Après l’époque des « précurseurs », l’ascensionnisme se développa véritablement dans la deuxième moitié du 19e siècle, dans une période dont les premières décennies furent qualifiés par les alpinistes eux-mêmes d’« âge d’or de l’alpinisme. »
A la suite des victoires de Ramond dans les Pyrénées, un groupe restreint de pyrénéistes multiplia les ascensions519. Ainsi, Charles Packe gravit le Balaïtous en 1864 et publia en 1862 la première édition de son Guide to the Pyrenees 520 , destiné à l’usage des touristes et ascensionnistes et proposant cent six itinéraires et ascensions. Son ami et rival, le comte Henri Russel, réalisa ses premiers ascensions à partir de 1858, parvint au sommet du Balaïtous une semaine après Packe en 1864 et publia également un guide en 1866521. L’année « 1858 marque une date-charnière dans les Pyrénées : le comte Russell y accomplit ses premières ascensions et l’Itinéraire descriptif des Pyrénées d’Adolphe Joanne [consacra] les débuts du grand tourisme pyrénéen. En une vingtaine d’années, les principaux sommets [étaient] gravis, du Carlit à l’Est, au pic d’Anie à l’Ouest, une abondante littérature se [développait] et la configuration géographique de la chaîne [pouvait] enfin être précisée. »522 La prédominance des Anglais était très marquée, mais quelques locaux s’imposèrent également dans ce mouvement du pyrénéisme scientifique, au premier plan desquels le bordelais Franz Schrader523.
Malgré l’accent mis sur les précurseurs alpins dans les différentes histoires de l’alpinisme, « avant 1860, les hautes régions [alpines] [étaient] très peu fréquentées et ne [bénéficiaient] pas du halo romantique qui [entourait] les Pyrénées »524. Le tourisme ne se développait modestement que dans la vallée de Chamonix, et à l’exception des quelques précurseurs déjà cités et de quelques glaciologues explorant l’Öberland bernois et les glacières de Chamonix525, l’ascensionnisme alpin ne s’épanouit qu’à partir des années 1850 et surtout 1860.
Traditionnellement, l’année 1854 marque le début de l’ âge d’or de l’alpinisme, avec l’ascension par Sir Alfred Wills du Wetterhorn (3 701 mètres), et celle par les frères Smyth du Dufourspitze (ou Monte Rosa, 4 634 mètres), le deuxième plus haut sommet des Alpes, situé dans le Valais.

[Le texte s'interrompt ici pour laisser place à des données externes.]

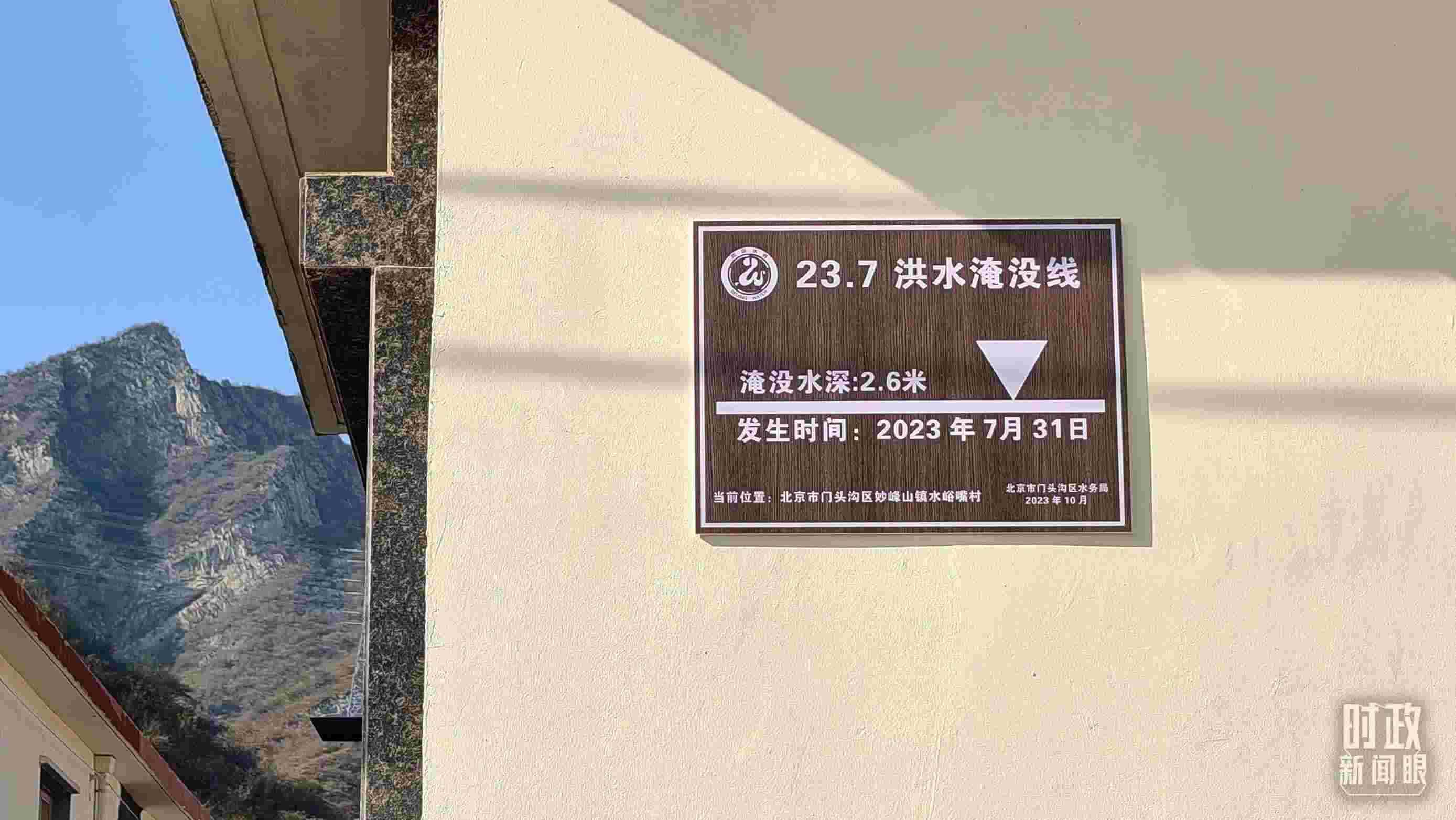 △ 村民房屋外設(shè)立了洪水淹沒線的標牌。(總臺央視記者賈林拍攝)

La domination anglaise était tout aussi marquée que dans les Pyrénées : entre 1854 et 1865, cent quatre-vingt grands sommets étaient vaincus, dont la moitié et tous les plus hauts par des cordées anglaises526. Parmi les plus célèbres, William Coolidge (1850-1926)527 et Edward Whymper occupent sans doute les premières places. Ce dernier gravit entre autres le Pelvoux en 1861, retrouvant les traces du campement de Durand, mais il reste surtout connu pour sa victoire tragique au Cervin en 1865, dans laquelle quatre de ses compagnons moururent. Classiquement, cette ascension clôt l’époque de l’âge d’or et ouvre une période plus informelle de conquête des Alpes, s’étendant environ jusqu’à la première guerre mondiale et marquant l’émergence d’un intérêt plus spécifique pour la difficulté technique et la performance sportive avec des hommes comme Walker, Coolidge ou Mummery.
Images de la montagne. Op. cit. Troisième Partie : Découverte des sommets et tourisme (XVIIIe-XIXe siècles), p. 40-41.
PACKE Charles. A Guide to the Pyrenees, especially intended for the use of moutaineers, with maps, diagrams and tables. Londres : [sn], 1862, 201 p.
RUSSEL-KILLOUG Henri. Les Grandes ascensions des Pyrénées d’une mer à l’autre. Guide spécial du piéton, ornée de douze cartes. Paris ;Toulouse : [sn], 1866, 297 p.
BROC Numa. La Montagne, la carte et l’alpinisme. Op. cit., p. 112-113.
Voir infra, partie 2, chapitre 2.2.2.
BROC Numa. La Montagne, la carte et l’alpinisme. Op. cit., p. 115.
Voir supra, partie 2, chapitre 1.2.
BONINGTON Chris. Deux siècles d’histoire de l’alpinisme. Op. cit., p. 269.
Né américain, mais ayant fait ses études et vécu en Angleterre.